Pitlochry West Church, Church Road, Pitlochry is a Grade A listed building in the Perth and Kinross local planning authority area, Scotland. First listed on 9 June 1981. Church. 1 related planning application.

Pitlochry West Church, Church Road, Pitlochry

WRENN ID
distant-barrel-pine
Grade
A
Local Planning Authority
Perth and Kinross
Country
Scotland
Date first listed
9 June 1981
Type
Church
Source
Historic Environment Scotland listing

Description

Pitlochry West Church

Built in 1884 by the Dundee architects Charles and Leslie Ower, with an extension added in 1996, this is a distinctive interpretation of Romanesque style. The building is cruciform in plan and aisless, with a squat tower set on a raised site. The walls are constructed from roughly squared and snecked rubble with ashlar dressings, featuring a base course and mutuled eaves cornice. The principal openings are round-headed, with rose windows, continuous hoodmoulds, corbels, and two-stage sawtooth-coped buttresses. Stone mullions and chamfered reveals are used throughout.
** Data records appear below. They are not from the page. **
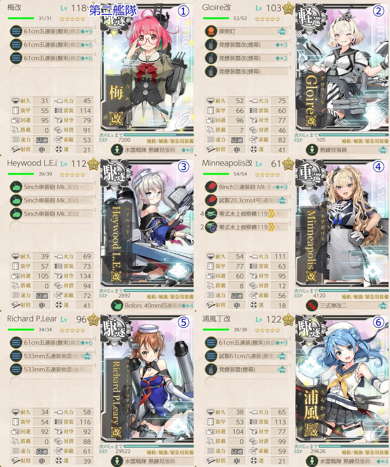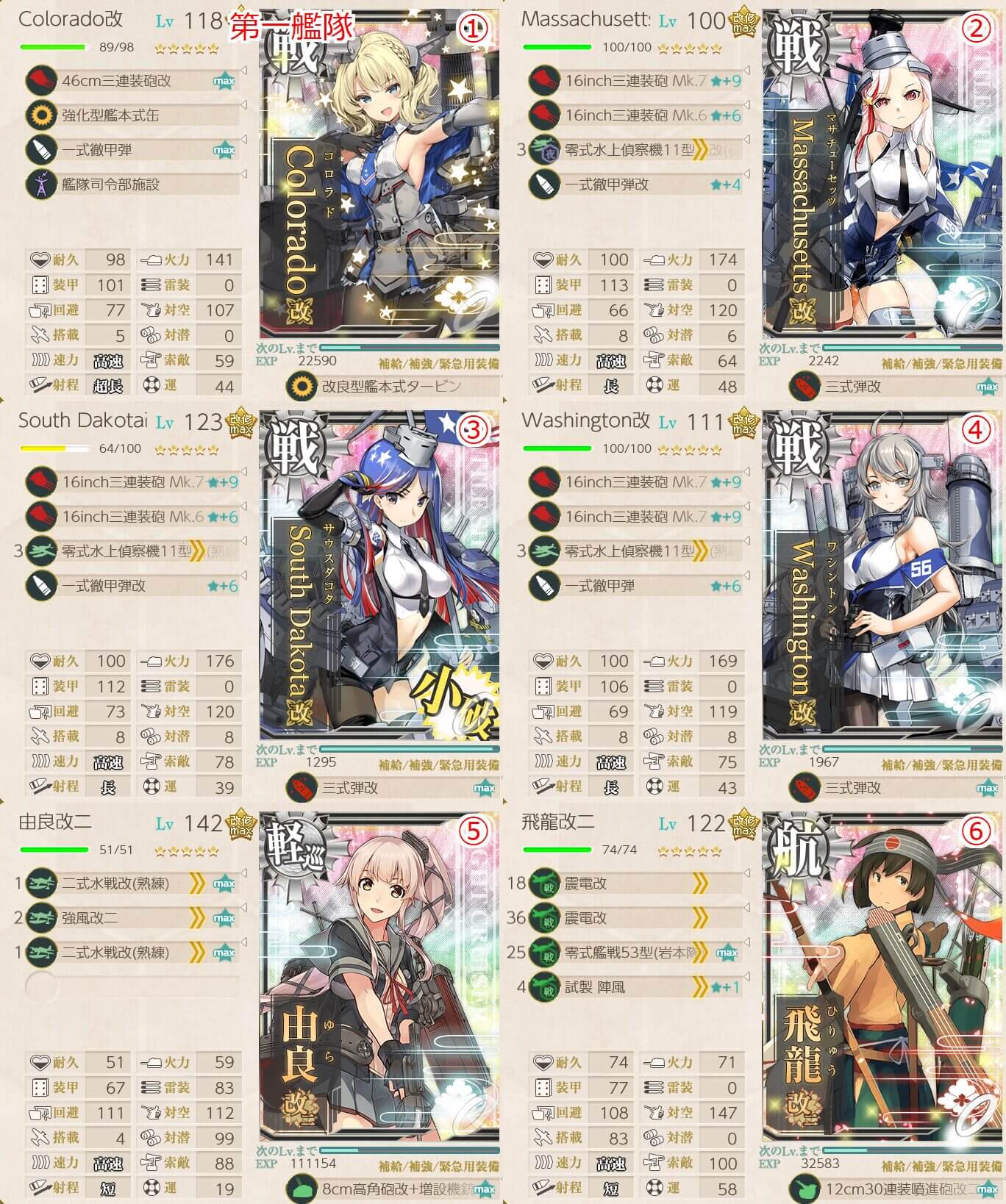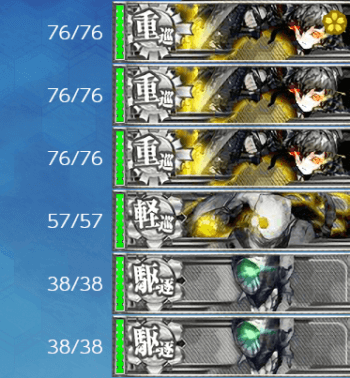 - 戦艦級 x1 , 重巡級 x2 , 軽巡洋艦 x1 , 駆逐艦 x2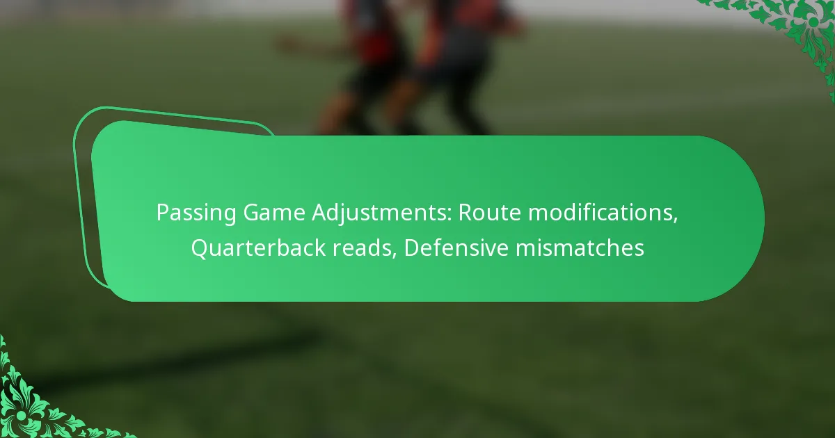 Passing game adjustments are essential for optimizing offensive strategies in football, focusing on route modifications, quarterback reads, and exploiting defensive mismatches. By adapting routes to counter defensive alignments, receivers can enhance their effectiveness, while quarterbacks must quickly assess the field to make informed decisions. These adjustments work in tandem to maximize the potential for successful completions and capitalize on defensive vulnerabilities.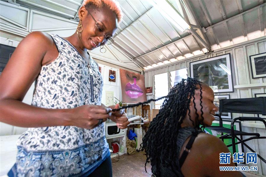 12月20日,在肯尼亞內(nèi)羅畢庫奧納藝術(shù)中心,一名藝術(shù)家為游客編辮子。 新華社記者 王騰 攝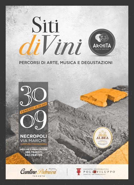 “Siti diVini” nasce con l’intento di valorizzare i siti storico archeologici della cittΓ di Taranto, diffondere la cultura del vino e delle eccellenze enogastronomiche del territorio, abbinando performance artistiche e tour guidati.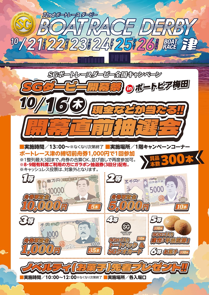 10月16日(木) BR津 SGボートレースダービー開幕直前抽選会開催!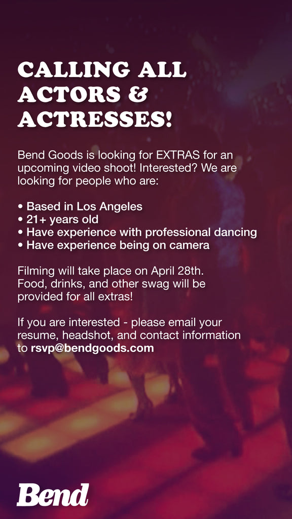 Bend Goods is looking for EXTRAS for an upcoming video shoot! This video will be used for digital advertising and promotion of our company. Please apply if you meet the below requirements: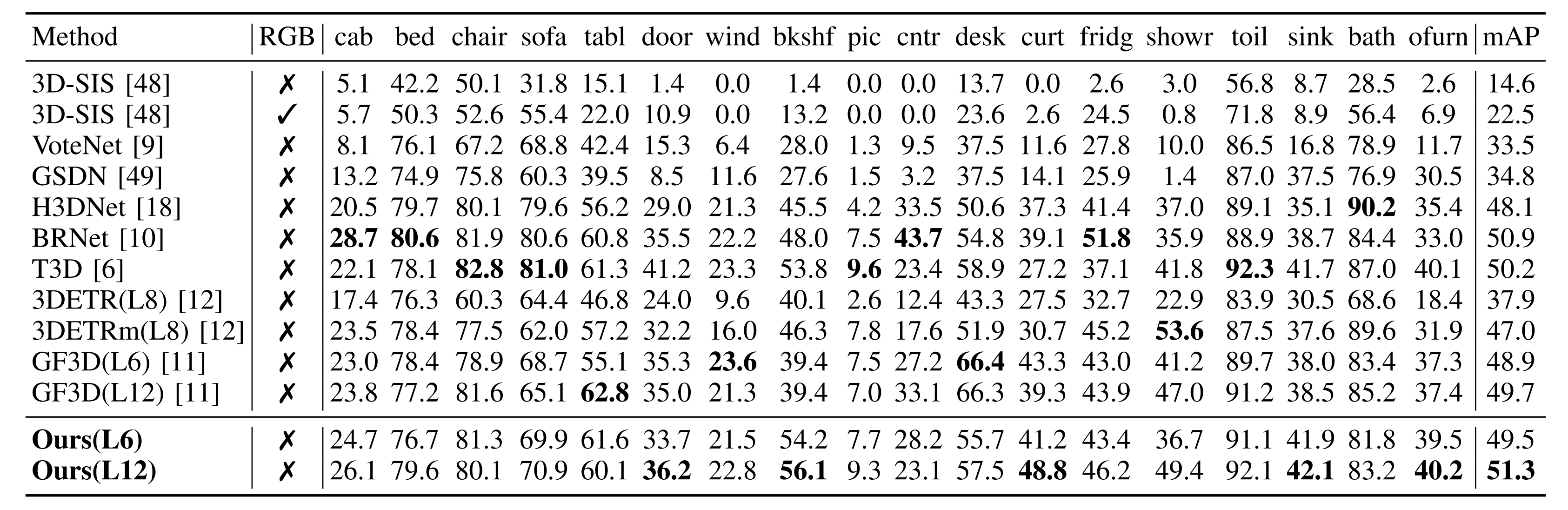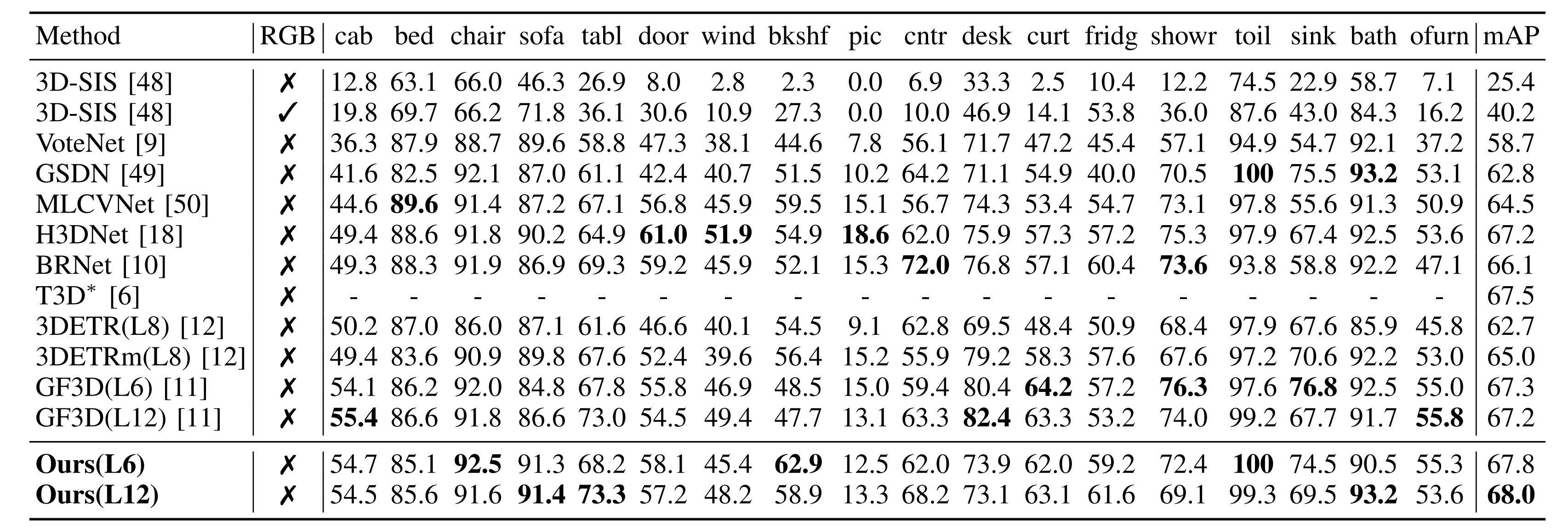 Comparison on the ScanNet V2 validation set. We show per-category results of average precision (AP) with a 3D IoU threshold of 0.25 and a mean of AP across all semantic classes. L denotes the decoder depth. Since the per-category results and checkpoints of the training model are not available, we only show the mean of AP across all semantic classes in T3D.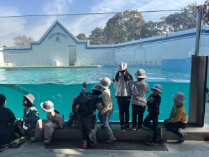 水族館ではグループに分かれて館内を回りました。水槽を見る子ども達の目はキラキラ輝き「大きいね」「面白い口だよ」「綺麗な色だね」とそれぞれ観察を楽しんでいました。お腹が空いたというリクエストに応えて、少し早めのお弁当。午後はイルカショーを楽しみました。イルカが飛ぶと「わぁー!」と歓声をあげ大興奮の白組さん。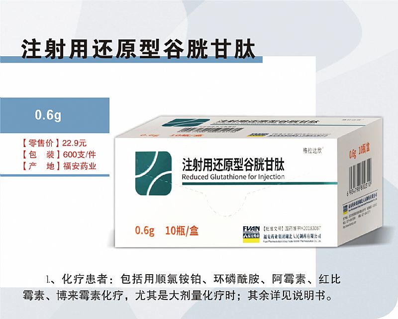 - 注射用還原型谷胱甘肽 批準(zhǔn)文號(hào): 國藥準(zhǔn)字H20183087規(guī) 格: 10瓶/盒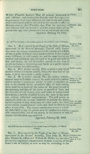 Printed Document, 2 page(s), Laws of the State of Illinois, Passed by the Twelfth General Assembly (Springfield, IL: William Walters, 1841), 311-12, GA Session 12-2,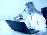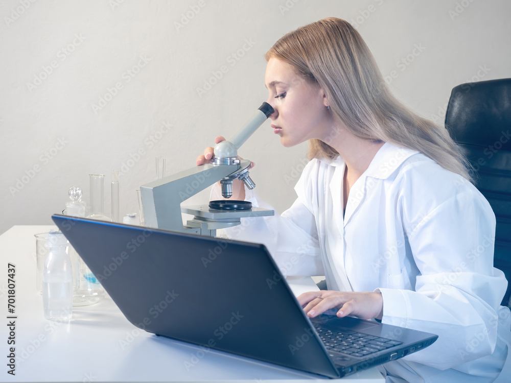 Geneticist woman. Doctor looks through microscope. Lab worker sits at desk. Geneticist uses laptop for research. Young woman geneticist. Doctor in white coat with microscope. Geneticist scientist

The south-east elevation, facing Bonnethill Road, is the principal front. It features an advanced canted bay at the centre with a dominant gabled transept. A low conical-roofed semicircular bay at ground level contains a continuous row of narrow lights set close to the cornice, embellished with nailhead mutules. Above this, a recessed face with diagonal buttresses contains a rose window flanked by squat columns with cushion capitals. The rose window has a dogtooth-moulded head giving way to contrasting voussoirs, with a hoodmould bearing label stops and a mandorla in the gablehead crowned by a cross finial. A canted bay to the right features a hoodmoulded door with a decoratively-astragalled semicircular fanlight in a small pitch-roofed porch with finial; a canted bay to the left contains a single window and outer buttress. The tower stands to the outer left, whilst to the right is a bipartite window with centre and flanking colonnades in a bay with buttress and recessed face of the extension beyond.

The south-west tower is a distinctive feature, comprising three stages on a square plan with broad full-height angle pilasters and a pyramidal roof. It is engaged to the north-east. The first stage on the north-west face displays a stone-cross-finialled pedimented doorcase with flanking cushion-capitalled columns and a carved tympanum to the left, and to the right a small blocked arcaded tripartite opening. The south-west face contains a single window with flanking colonnades, a carved windowhead, and a hoodmould with label stops, with narrow lights set in the outer pilasters. A basement door opens to the south-east. Each face of the second stage has a corbel course and corniced band giving way to an arcaded bipartite window with colonnettes; a tiny roundel decorates the tympanum, and a dogtooth-moulded windowhead is surmounted by an arcaded corbel table. The third stage has a clock face on each side, set in a deeply moulded roundel with a stepped cornice breaking the band course, all surmounted by a mutuled cavetto cornice. Water spouts project from the south and west angles. The slightly setback pyramidal roof is finialled and fitted with a narrow battered stack to the north-west. Attenuated louvered lucarnes with decorative timberwork on the tympanum occupy the remaining faces, and a small polygonal crocketted tower pierces the cornice at the south angle.

The north-west elevation mirrors that to the south-east.

The north-east elevation, facing Church Road, shows a low piend-roofed extension with a window to the centre and paired small flanking lights. These project from the slightly higher original face, which is also piended and retains the original centre doorway with bipartite round-headed fanlight and flanking windows, now largely obscured by the extension.

Throughout, the glazing is mainly geometric coloured leaded work, with clear glass to the rose windows. The roof is covered in grey slates with a fishscale pattern on the tower. The chimneys are coped ashlar with stepped ashlar-coped skews and gablet skewputts. Cast-iron downpipes with decorative rainwater hoppers and decorative cast-iron cross finials complete the external details.

The interior is polygonal in form with a semi-vaulted ceiling supported on later columns. The church contains fixed timber pews, boarded timber dadoes with plain and decorative plasterwork. A moulded chancel arch with plain sounding board flanked by organ pipes leads to a simple panelled pulpit and elders pews. The font is carved and polygonal, mounted on an open base.

Adjacent to the church stands a Celtic Cross memorial to Dr Alexander Duff, the Church of Scotland's first missionary to India. It comprises three stages: a plain base supporting a battered pedestal inscribed with Duff's details, giving way to a reduced stage with vertical consoles flanking a bronze head of Alexander Duff, and finally a finely carved Celtic Cross.